Sadly, we left something out.
The Devastating Change
We had no use cases, so we were making things up as we went along. We'd made an implicit assumption in our sheet operations. All the data we'd been loading was polluted with rows we had to ignore. So we tossed a quick-and-dirty little if-statement down inside one of the sheet operations.
The new data had slightly different rules for rows we were supposed to ignore. The quick-and-dirty little if-statement broke the loads.
We have to refactor our sheet operations to hoist out this if-statement. We have to use the Strategy pattern to replace the statement with a formal appeal to a Filter object that implements the decision.
What If Analysis
The Cost Of Learning (COL™) was two days. Half of one day to find the problem. Half of another to reason out the root cause and determine a solution. Finally, a full day to code and test the revisions.
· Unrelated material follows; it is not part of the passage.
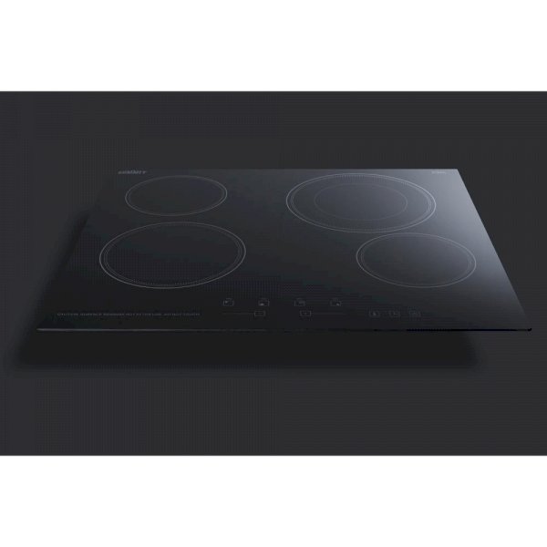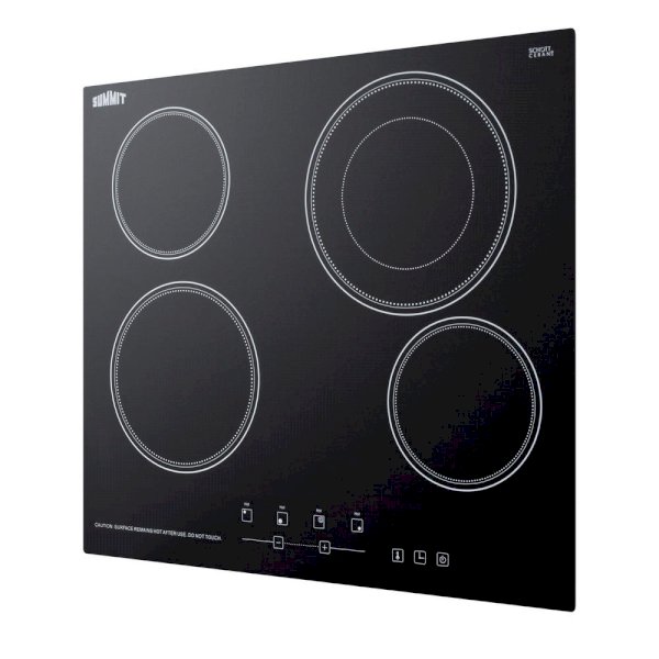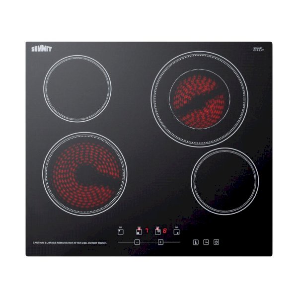 SUMMIT's collection of smooth-top radiant cooktops offers an easy-to-clean design with modern style built for smaller kitchen spaces. The CR4B23T5B is a 24 in. wide 230-Volt radiant cooktop designed to fit popular 22 in. W x 19-1/2 in. D counter cutouts. The surface is made from smooth Schott ceramic glass in a jet black finish for a durable, modern look. This unit does not ship with a power cord and must be hard-wired by a professional. Unlike many other 24 in. wide cooktops, the CR4B23T5B includes an extra large 2200-Watt 8 in. element to accommodate large cooking vessels and offer faster heating when boiling water. For added versatility, this dual zone element can also be used at a 5 in. Dia for smaller pots and pans. The front right and rear left 5-1/2 in. elements cook at 1200-Watt, while the front left zone is 7 in. wide with an 1800-Watt operation to handle larger meals. The digital touch controls are located in the front for easier accessibility, preventing users from reaching over hot burners when cooking. The temperature is easy to adjust at the touch of a button, with 9 power levels for each burner. This unit also includes a timer function that lets you program a power level and cook time (up to 99 minutes). The burner turns off automatically when the cooking duration has finished. Safety features include a child lock function, automatic shutoff after 2 hours, and residual heat indicators for all 4 elements.
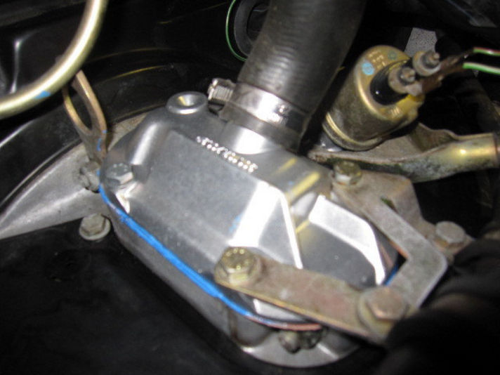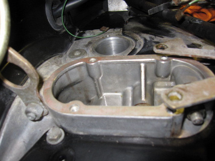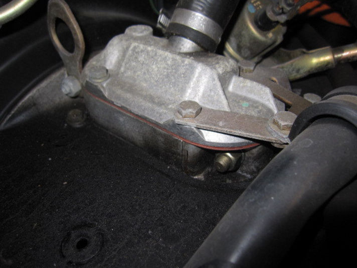 右の写真、新しいガスケットと今後の対策としまして、液体ガスケットと共に組み付けます。奥に見える部品がオイルプレッシャースイッチです。こちらのシールも一緒に交換です。

Yes, it took two full days of effort (spread over three calendar days) to figure out what was wrong.
What if we had tried a waterfall design? Would we have found, designed and resolved this problem in two days? No earthly way. It would have taken two days of brainstorming to think of the use case. It would have taken a week of hand-wringing to work out a be-all-and-do-all processing pipeline for spreadsheet data -- one that included dynamic filtering.
Instead, we built a processing pipeline that worked. Now we're expanding that processing pipeline to add a feature.